Pagan mythology is rich with Goddesses as well as Pagan Gods, so whether you feel drawn towards Norse Mythology, Irish Mythology, Hellenic Culture, or any other, you will find a wide variety of female Pagan deities to work with.

How to Choose a Pagan God to Work With?

There are thousands of different Gods and Goddesses out there, so who you choose to work with will depend on which pantheon or tradition you align with, but you should seek to work with one that feels right for you personally.

You might want to start by looking at your own beliefs and values, then exploring the myths and legends of the deities which may align with those, or personally appeal to you, your nature, or your stage in life. You could also ask yourself questions about how you would like to live your life, and see if any of the Gods match up with those ideals.

If you’re having trouble choosing, you could try asking a friend or family member who knows you well, or someone you respect. They may know of a particular deity that speaks to them, or they may have an idea of which god or goddess would be good for you.
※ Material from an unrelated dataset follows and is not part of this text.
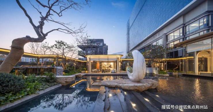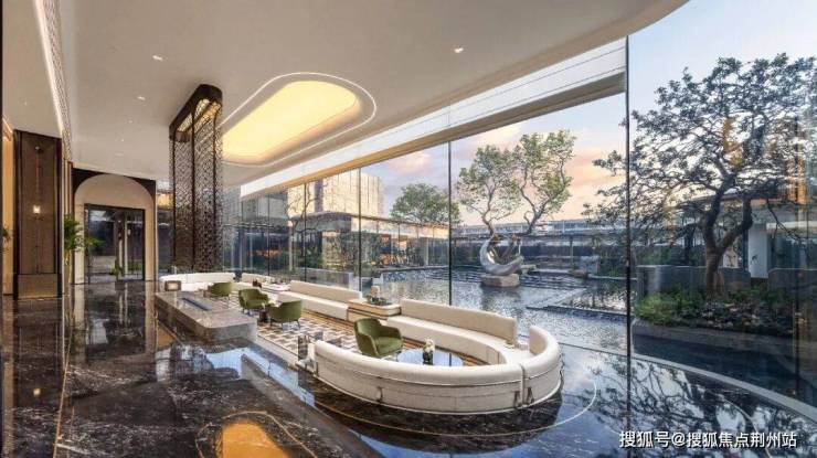步入三进的入户大堂,直面园区中轴景观「临水观澜」:
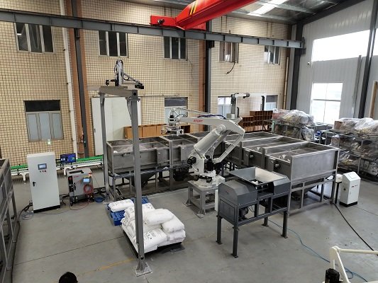 袋子卸垛是目前包裝領(lǐng)域非常常見的一種需求方式,用戶需要對(duì)托盤上的袋子進(jìn)行卸垛,同時(shí)需要將卸下來的袋子進(jìn)行破包,將內(nèi)部物料倒入提前準(zhǔn)備好的料斗里,有可能只有一種物料,有時(shí)也有可能是多種物料按照一定的比例混入料斗中,之后分別輸送到指定位置。而破袋后的袋子,有的需要緩存到其他的料箱中,而有的則需要直接粉碎后,再次回收。

Join some of the dedicated online groups or communities that interest you (for example, the Irish Pagan School hosts a FB Group dedicated to the Mórrígan Here, and a similar one for the Dagda Here). Use the search function within these groups to see if any questions you have may already have been answered, or check the group posting rules and ask your own questions if they fall within the guidelines there. Or just spend some time there once a day, or once a week, and get a feel for the community and they type of person who is attracted to this deity.

It might also be worth looking back through your past; review old journals, revisit books you loved as a child, your favourite places in the world, films or TV shows that particularly struck you, and so on. These may provide some inspiration or insight into which Pagan God you will best align with, or who may already have been calling to you in your lifetime. 

You can also take some time to meditate on the question, allowing yourself quiet time and space to open up and see if there are any whispers or nudges that may be trying to point you in the right direction. Sometimes we are so busy, and our world is so loud, we can miss the signs that are already there. 

If you are not sure how to meditate, we provide extensive Guided Meditation and Journeying Training at the Irish Pagan School, and there is even a Membership Library Here, which contains a whole section of Guided Journeys dedicated to meeting and interacting (safely!) with specific Irish Gods and Goddesses such as Lugh, Brigid, Ogma, Nuada, the Mórrígan, and the Dagda, with more being added each month.

(Explore Guided Meditation and Journeying in the Irish Otherworld Here)

As you begin, it is important to really figure out which of the many Pagan Gods you may do best with (though of course it can and probably will change over time!), and ideally choose just one, from a single culture or pantheon, to focus on and build a proper relationship with.

Many Neo-Pagans identify as eclectic, which means that they may honor a God or Goddess of one tradition alongside a deity of another. This can lead to confusion, and cherry picking the shiniest and shallowest parts of a Pagan tradition without doing the real work that is required for a fulfilling spiritual practice.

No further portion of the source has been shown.